# [EXERCISE DETAILS]
Can you copy out the data exactly? Leave the images out.

# [DATASET EXCERPT]
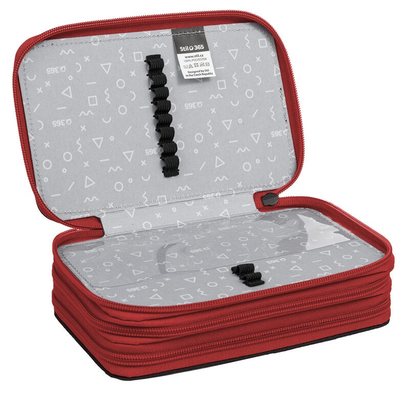 Druhé poschodie obsahuje priehľadnú kapsičku na rozvrh hodín a 10 pevných gumičiek pre rôzne písacie potreby.
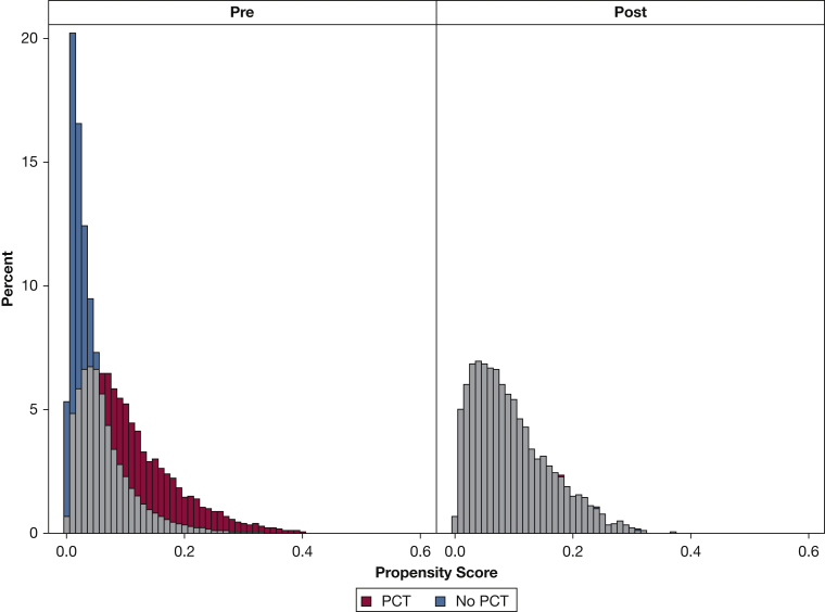Results: A total of 33,569 PCT-managed patients were compared with 98,543 propensity score-matched non-PCT patients. In multivariable regression analysis, PCT utilization was associated with significantly decreased total length of stay (11.6 days [95% CI, 11.4 to 11.7] vs 12.7 days [95% CI, 12.6 to 12.8]; 95% CI for difference, 1 to 1.3; P < .001) and ICU length of stay (5.1 days [95% CI, 5.1 to 5.2] vs 5.3 days [95% CI, 5.3 to 5.4]; 95% CI for difference, 0.1 to 0.3; P < .03), and lower hospital costs ($30,454 [95% CI, 29,968 to 31,033] vs $33,213 [95% CI, 32,964 to 33,556); 95% CI for difference, 2,159 to 3,321; P < .001). There was significantly less total antibiotic exposure (16.2 days [95% CI, 16.1 to 16.5] vs 16.9 days [95% CI, 16.8 to 17.1]; 95% CI for difference, -0.9 to 0.4; P = .006) in PCT-managed patients. Patients in the PCT group were more likely to be discharged to home (44.1% [95% CI, 43.7 to 44.6] vs 41.3% [95% CI, 41 to 41.6]; 95% CI for difference, 2.3 to 3.3; P = .006). Mortality was not different in an analysis including the 96% of patients who had an independent measure of mortality risk available (19.1% [95% CI, 18.7 to 19.4] vs 19.1% [95% CI, 18.9 to 19.3]; 95% CI for difference, -0.5 to 0.4; P = .93).
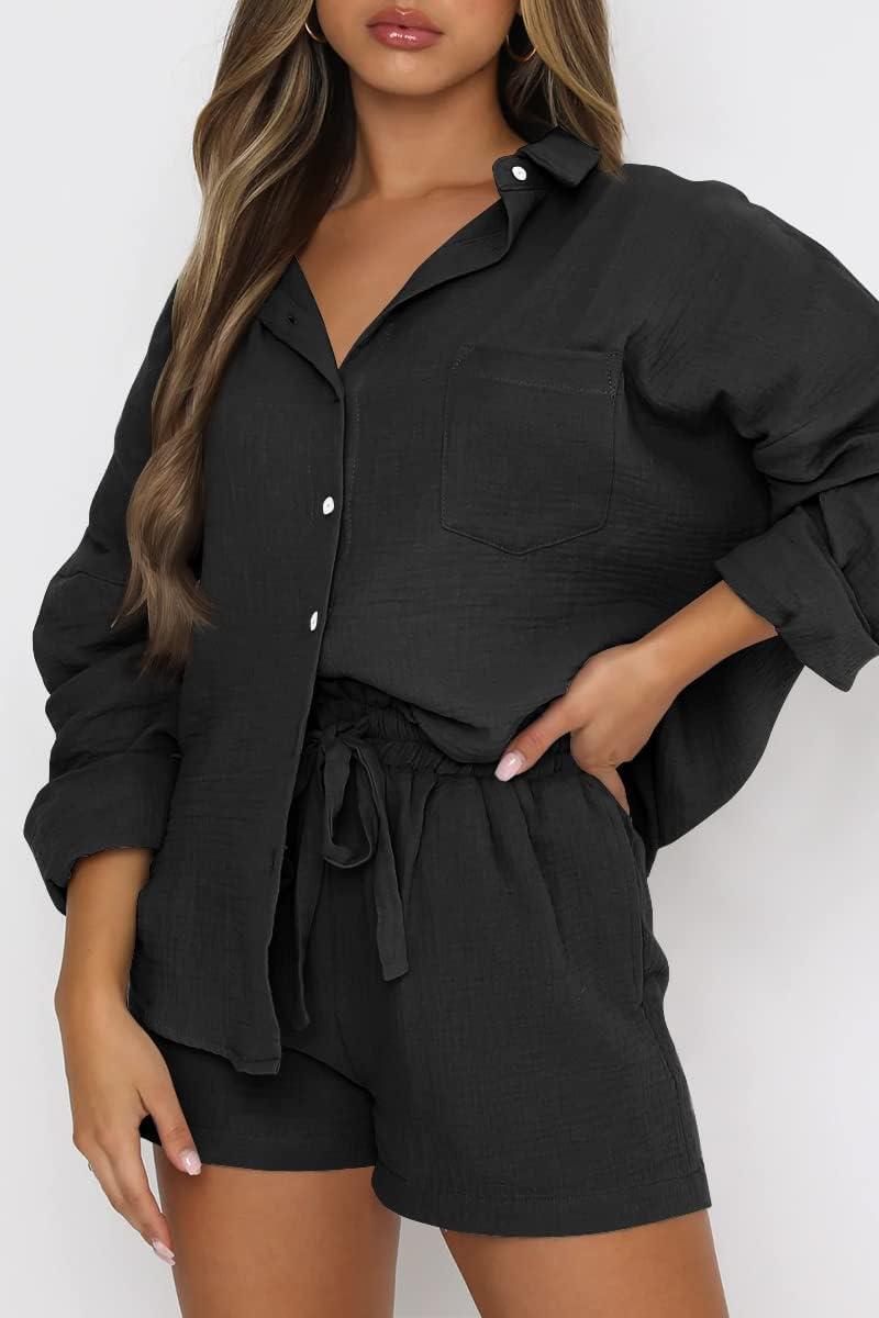 Trendy Queen Two Piece Sets For Women Summer Short Sets Beach Vcation Lounge Pajama 2 Piece Spring Outfits Fashion 2025(Black)

# [EXPECTED OUTPUT]
 Druhé poschodie obsahuje priehľadnú kapsičku na rozvrh hodín a 10 pevných gumičiek pre rôzne písacie potreby.
Results: A total of 33,569 PCT-managed patients were compared with 98,543 propensity score-matched non-PCT patients. In multivariable regression analysis, PCT utilization was associated with significantly decreased total length of stay (11.6 days [95% CI, 11.4 to 11.7] vs 12.7 days [95% CI, 12.6 to 12.8]; 95% CI for difference, 1 to 1.3; P < .001) and ICU length of stay (5.1 days [95% CI, 5.1 to 5.2] vs 5.3 days [95% CI, 5.3 to 5.4]; 95% CI for difference, 0.1 to 0.3; P < .03), and lower hospital costs ($30,454 [95% CI, 29,968 to 31,033] vs $33,213 [95% CI, 32,964 to 33,556); 95% CI for difference, 2,159 to 3,321; P < .001). There was significantly less total antibiotic exposure (16.2 days [95% CI, 16.1 to 16.5] vs 16.9 days [95% CI, 16.8 to 17.1]; 95% CI for difference, -0.9 to 0.4; P = .006) in PCT-managed patients. Patients in the PCT group were more likely to be discharged to home (44.1% [95% CI, 43.7 to 44.6] vs 41.3% [95% CI, 41 to 41.6]; 95% CI for difference, 2.3 to 3.3; P = .006). Mortality was not different in an analysis including the 96% of patients who had an independent measure of mortality risk available (19.1% [95% CI, 18.7 to 19.4] vs 19.1% [95% CI, 18.9 to 19.3]; 95% CI for difference, -0.5 to 0.4; P = .93).
 Trendy Queen Two Piece Sets For Women Summer Short Sets Beach Vcation Lounge Pajama 2 Piece Spring Outfits Fashion 2025(Black)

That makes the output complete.